* [Exercise instructions] Give back every line of the data exactly. Pictures are not part of the copy.
+ + + + +
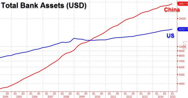 L’azienda, basata nella città del sud di Zhuhai e che occupa oltre 4mila persone, il 21 maggio scorso aveva reso noto agli investitori che un consorzio di banche aveva respinto la sua richiesta di un prestito da 500 milioni di yuan, di fatto ufficializzando una drammatica crisi di liquidità. Direte voi, succede. Certo, peccato per tre piccole criticità. Primo, non si tratta di un’azienda da due lire, ma della fornitrice di giganti come Coca Cola e Pepsi che rischia il default su un bond che va a scadenza. Secondo, prima che venisse sospeso il mese scorso, il titolo dell’azienda sul listino di Shenzhen aveva macinato il +120% da inizio anno, viaggiando a un multiplo di utile per azione di 71x. Terzo, il grafico a fondo pagina ci spinge a una considerazione: come può esserci crisi di liquidità in un mercato simile? Le banche cinesi, infatti, hanno assets per circa 30 trilioni di dollari, quasi il doppio degli istituti statunitensi e la Banca centrale cinese e dal 2008 la liquidità degli istituti è cresciuta di 15,4 triliardi di dollari, contro i 9,8 triliardi di Fed, Bank of Japan, Bank of England e Bce messe insieme. Eppure c’è crisi di liquidità.
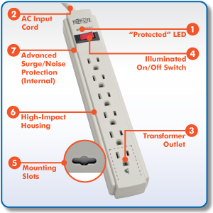Maker of the legendary Isobar, Tripp Lite is the smart choice for protecting your valuable equipment. This surge protector defends computers and electronics from damaging surges and disruptive line noise. If it is ever damaged by a surge, Tripp Lite will replace it, and connected equipment is covered too.
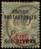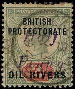 1893 ½d on 2½ handstamped Type 7 in violet, used with Old Calabar River CDS; toned, some colour loss and pen note on reverse. SG 20, £275
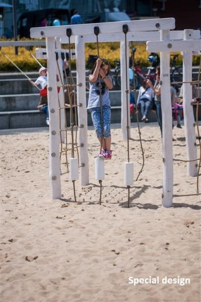 Yellowstone includes variety of horizontal climbing devices such as: honeycomb chain for climbing, made from a very strong and and the certified and highest quality chain, two different nets made of reinforced rope, with hot-dip galvanised fine-link chains, and ropes with knots to climb up. Each climbing element is safe, functional and full of joyful activities.
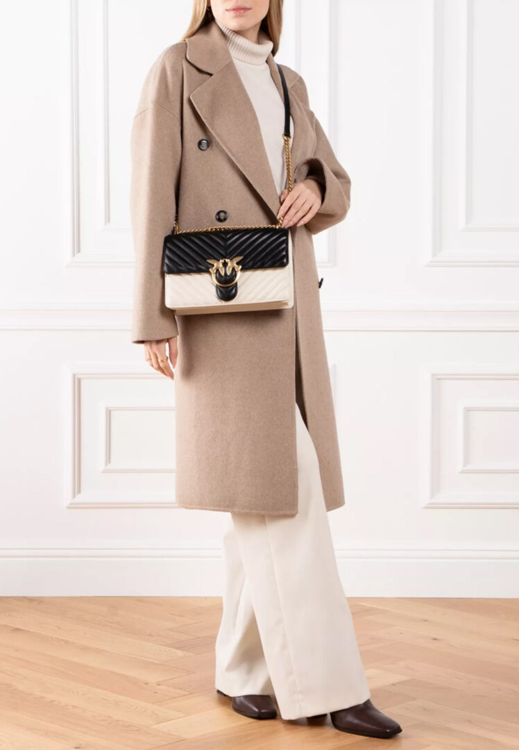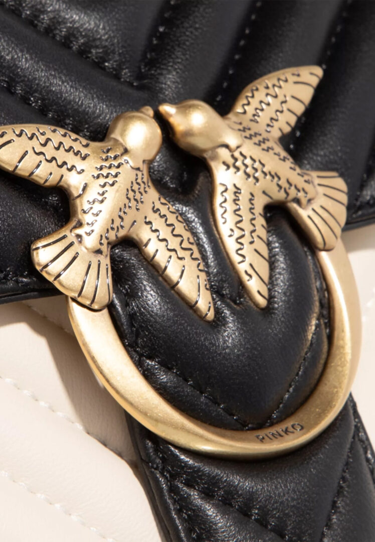 Утончённая сумка от престижного бренда PINKO, окрашенная в классические черно-белые тона, — настоящее воплощение стиля и элегантности. Стеганный шевронный узор на поверхности сумки придает ей особый шарм, а легендарная пряжка Love Birds Diamond Cut является отличительным символом бренда. Изготовленная из высококачественной кожи, эта сумка обязана стать ключевым элементом в гардеробе каждой модницы. К тому же, благодаря плечевому ремню, сочетающему классическую цепь с круглыми звеньями и регулируемый наплечник из кожи, модель обеспечит комфортное ношение и подчеркнёт индивидуальность своей обладательницы.
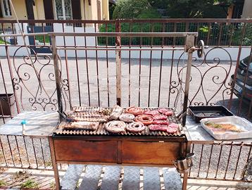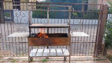 Salve ... Vendo splendido barbecue a legna completamente inox con saldatura a filo continuo, la griglia ha lunghezza di un metro per mezzo metro di larghezza con angolare 20x20 spesore 4 con canalina e contenitore raccolta olio, come si può vedere dalla foto la griglia e regolabile con apposita maniglia e cuscinetto in base all' altezza che si desidera per il fuoco/ brace; il cassone per la brace ha una lunghezza di un metro e mezzo metro di larghezza anche loro con gli appositi fori laterali e sottostante per poter mantenere le teglie e la carne calda man mano pronta.. il basamento sotto è stato fatto con lamiera in alluminio e porta teglie superiori anche la struttura griglia e tutta di tubolare 30x30 spessore 4 millimetri sono stati fatti dei forellini sul tubo in modo da buttare fuori la condensa che si forma con gli anni in qualsiasi tubo le ruote sono cambiabili xchè sono avitate se negli anni si dovessero consumare a due maniglie per trasporto ho spostamenti in più a una barra smontabile dove poter agganciare appositi attrezzi per grigliare se interessati seriamente e senza proposte ridicole come è successo solo per veri intenditori del lavoro che c'è stato dietro e dell materiale la griglia la vendo a 600 EUR0 non trattabili per altre foto e dettagli scrivetemi pure Michele PS e stata usata solo due volte vendo a malincuore per passaggio a griglia in muratura
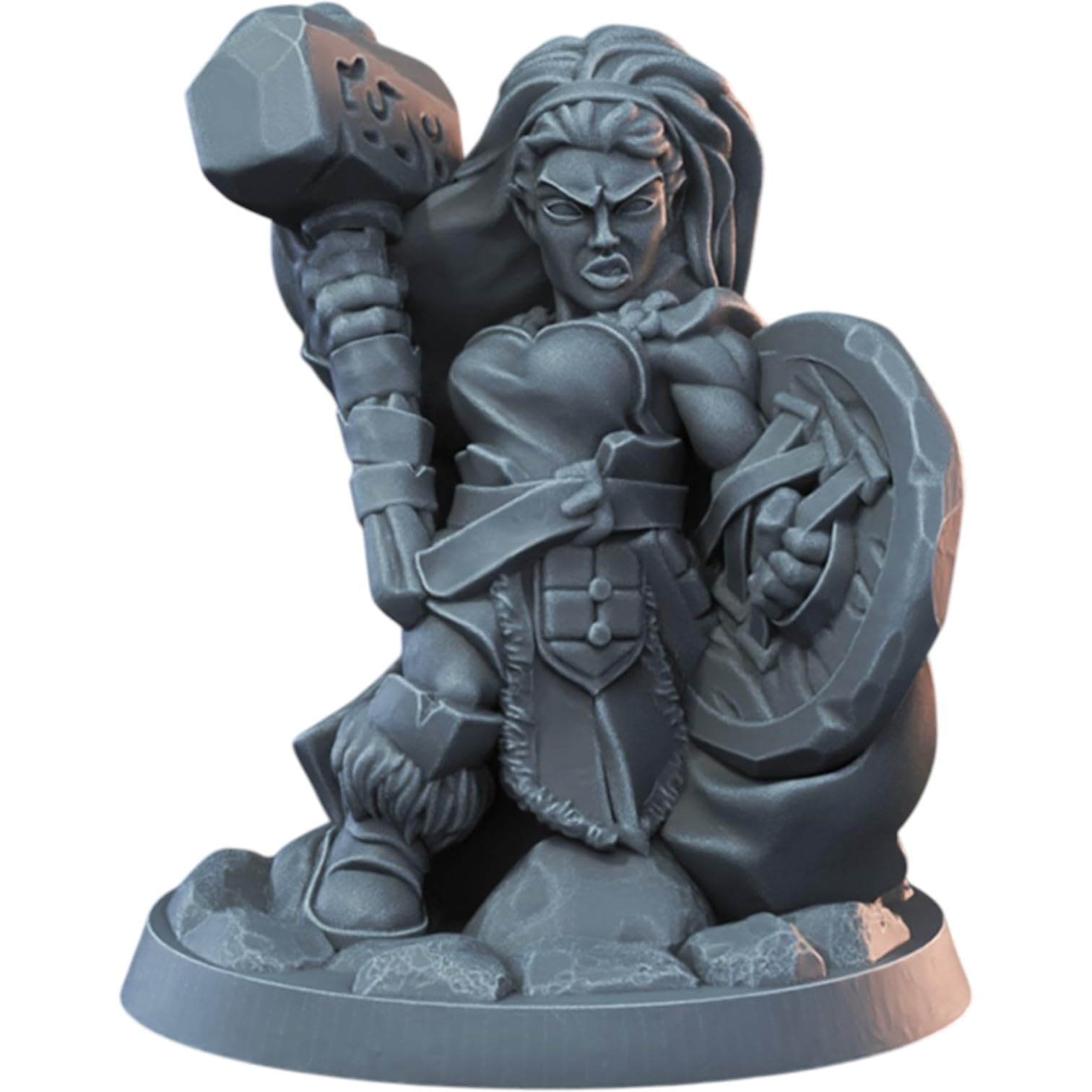 About the Dwarf Female Miniature for Fantasy TTRPGs – 32mm Warrior Model with Hammer and Shield for Tabletop Roleplaying & Painting
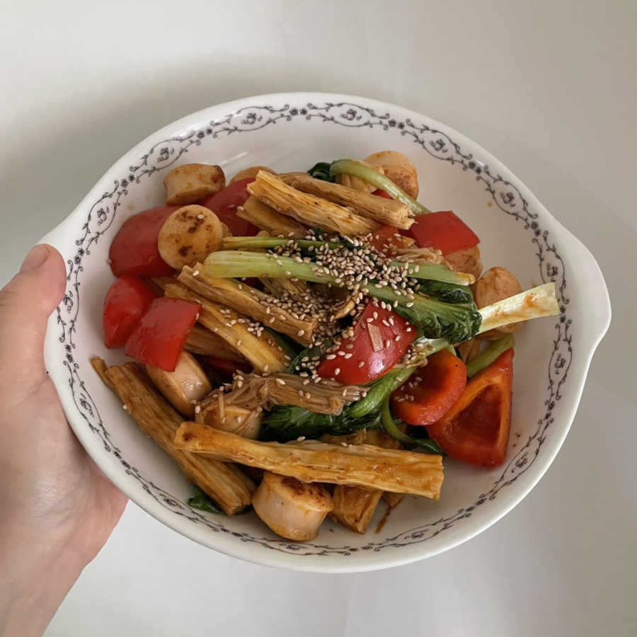 Este es un plato salteado con piel de tofu, inspirado en el Mala Xiang Guo pero con un perfil de sabor adaptado al gusto coreano. Personalmente disfruto de la piel de tofu, pero a veces la intensa sensación adormecedora del Mala Xiang Guo no me sienta bien. ¡Esta receta ofrece un toque coreano! Aunque carece del característico cosquilleo ‘mala’, no es grasoso, es deliciosamente picante y constituye un excelente acompañamiento para las bebidas.
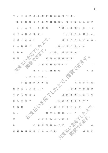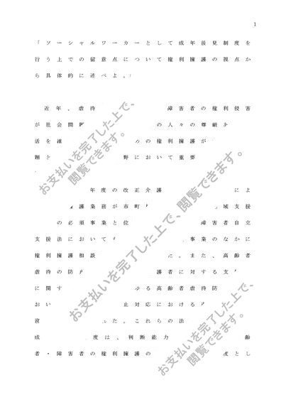 権利擁護と成年後見 「ソーシャルワーカーとして成年後見制度を行うでの留意点について権利擁護の視点から具体的に述べよ。」 課題レポートA判定
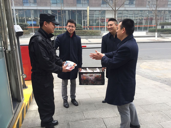 通宇物業(yè)公司總經(jīng)理助理何黎明、李俊,向春節(jié)值班人員送去劉漢元主席,管亞梅董事長的問候和祝福
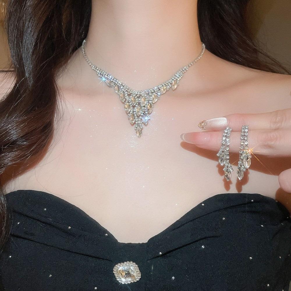 2 pieces Water Drop Rhinestone Jewelry Set Inlaid Crystal Necklace Set Banquet
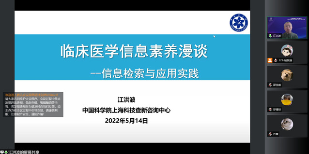 来自中国科学院上海科技查新咨询中心的江洪波博士为同学们带来了临床医学信息素养漫谈。江洪波博士主要从信息素养概述、临床医学信息来源、临床医学信息获取以及临床医学信息评估四个方面向同学们讲授了有关临床医学信息素养的知识。
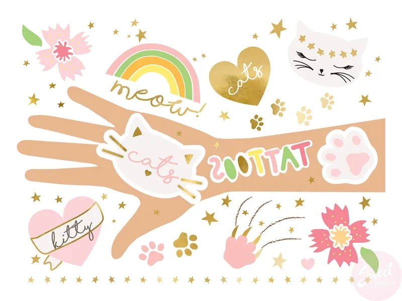 Zestaw zmywalnych tatuaży z kocimi motywami
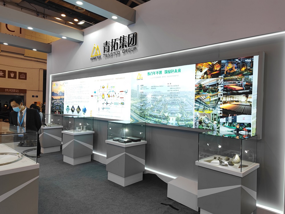 青拓集團(tuán)積極配合主辦方工作,展臺在展覽中心C1展館醒目位置,整體設(shè)計以綠色為主,展板展示企業(yè)主要發(fā)展歷程、全國布局以及全球領(lǐng)先的工藝,展品包括礦石、板坯、熱軋及冷軋產(chǎn)品,由青拓集團(tuán)研究院創(chuàng)新研發(fā)的QN系、筆尖鋼和手撕鋼等等,都與本次展會主題“低碳、智造、升級、賦能”相互呼應(yīng)、相得益彰。
+ + + + +
* [Worked solution]
 L’azienda, basata nella città del sud di Zhuhai e che occupa oltre 4mila persone, il 21 maggio scorso aveva reso noto agli investitori che un consorzio di banche aveva respinto la sua richiesta di un prestito da 500 milioni di yuan, di fatto ufficializzando una drammatica crisi di liquidità. Direte voi, succede. Certo, peccato per tre piccole criticità. Primo, non si tratta di un’azienda da due lire, ma della fornitrice di giganti come Coca Cola e Pepsi che rischia il default su un bond che va a scadenza. Secondo, prima che venisse sospeso il mese scorso, il titolo dell’azienda sul listino di Shenzhen aveva macinato il +120% da inizio anno, viaggiando a un multiplo di utile per azione di 71x. Terzo, il grafico a fondo pagina ci spinge a una considerazione: come può esserci crisi di liquidità in un mercato simile? Le banche cinesi, infatti, hanno assets per circa 30 trilioni di dollari, quasi il doppio degli istituti statunitensi e la Banca centrale cinese e dal 2008 la liquidità degli istituti è cresciuta di 15,4 triliardi di dollari, contro i 9,8 triliardi di Fed, Bank of Japan, Bank of England e Bce messe insieme. Eppure c’è crisi di liquidità.
Maker of the legendary Isobar, Tripp Lite is the smart choice for protecting your valuable equipment. This surge protector defends computers and electronics from damaging surges and disruptive line noise. If it is ever damaged by a surge, Tripp Lite will replace it, and connected equipment is covered too.
 1893 ½d on 2½ handstamped Type 7 in violet, used with Old Calabar River CDS; toned, some colour loss and pen note on reverse. SG 20, £275
 Yellowstone includes variety of horizontal climbing devices such as: honeycomb chain for climbing, made from a very strong and and the certified and highest quality chain, two different nets made of reinforced rope, with hot-dip galvanised fine-link chains, and ropes with knots to climb up. Each climbing element is safe, functional and full of joyful activities.
 Утончённая сумка от престижного бренда PINKO, окрашенная в классические черно-белые тона, — настоящее воплощение стиля и элегантности. Стеганный шевронный узор на поверхности сумки придает ей особый шарм, а легендарная пряжка Love Birds Diamond Cut является отличительным символом бренда. Изготовленная из высококачественной кожи, эта сумка обязана стать ключевым элементом в гардеробе каждой модницы. К тому же, благодаря плечевому ремню, сочетающему классическую цепь с круглыми звеньями и регулируемый наплечник из кожи, модель обеспечит комфортное ношение и подчеркнёт индивидуальность своей обладательницы.
 Salve ... Vendo splendido barbecue a legna completamente inox con saldatura a filo continuo, la griglia ha lunghezza di un metro per mezzo metro di larghezza con angolare 20x20 spesore 4 con canalina e contenitore raccolta olio, come si può vedere dalla foto la griglia e regolabile con apposita maniglia e cuscinetto in base all' altezza che si desidera per il fuoco/ brace; il cassone per la brace ha una lunghezza di un metro e mezzo metro di larghezza anche loro con gli appositi fori laterali e sottostante per poter mantenere le teglie e la carne calda man mano pronta.. il basamento sotto è stato fatto con lamiera in alluminio e porta teglie superiori anche la struttura griglia e tutta di tubolare 30x30 spessore 4 millimetri sono stati fatti dei forellini sul tubo in modo da buttare fuori la condensa che si forma con gli anni in qualsiasi tubo le ruote sono cambiabili xchè sono avitate se negli anni si dovessero consumare a due maniglie per trasporto ho spostamenti in più a una barra smontabile dove poter agganciare appositi attrezzi per grigliare se interessati seriamente e senza proposte ridicole come è successo solo per veri intenditori del lavoro che c'è stato dietro e dell materiale la griglia la vendo a 600 EUR0 non trattabili per altre foto e dettagli scrivetemi pure Michele PS e stata usata solo due volte vendo a malincuore per passaggio a griglia in muratura
 About the Dwarf Female Miniature for Fantasy TTRPGs – 32mm Warrior Model with Hammer and Shield for Tabletop Roleplaying & Painting
 Este es un plato salteado con piel de tofu, inspirado en el Mala Xiang Guo pero con un perfil de sabor adaptado al gusto coreano. Personalmente disfruto de la piel de tofu, pero a veces la intensa sensación adormecedora del Mala Xiang Guo no me sienta bien. ¡Esta receta ofrece un toque coreano! Aunque carece del característico cosquilleo ‘mala’, no es grasoso, es deliciosamente picante y constituye un excelente acompañamiento para las bebidas.
 権利擁護と成年後見 「ソーシャルワーカーとして成年後見制度を行うでの留意点について権利擁護の視点から具体的に述べよ。」 課題レポートA判定
 通宇物業(yè)公司總經(jīng)理助理何黎明、李俊,向春節(jié)值班人員送去劉漢元主席,管亞梅董事長的問候和祝福
 2 pieces Water Drop Rhinestone Jewelry Set Inlaid Crystal Necklace Set Banquet
 来自中国科学院上海科技查新咨询中心的江洪波博士为同学们带来了临床医学信息素养漫谈。江洪波博士主要从信息素养概述、临床医学信息来源、临床医学信息获取以及临床医学信息评估四个方面向同学们讲授了有关临床医学信息素养的知识。
 Zestaw zmywalnych tatuaży z kocimi motywami
 青拓集團(tuán)積極配合主辦方工作,展臺在展覽中心C1展館醒目位置,整體設(shè)計以綠色為主,展板展示企業(yè)主要發(fā)展歷程、全國布局以及全球領(lǐng)先的工藝,展品包括礦石、板坯、熱軋及冷軋產(chǎn)品,由青拓集團(tuán)研究院創(chuàng)新研發(fā)的QN系、筆尖鋼和手撕鋼等等,都與本次展會主題“低碳、智造、升級、賦能”相互呼應(yīng)、相得益彰。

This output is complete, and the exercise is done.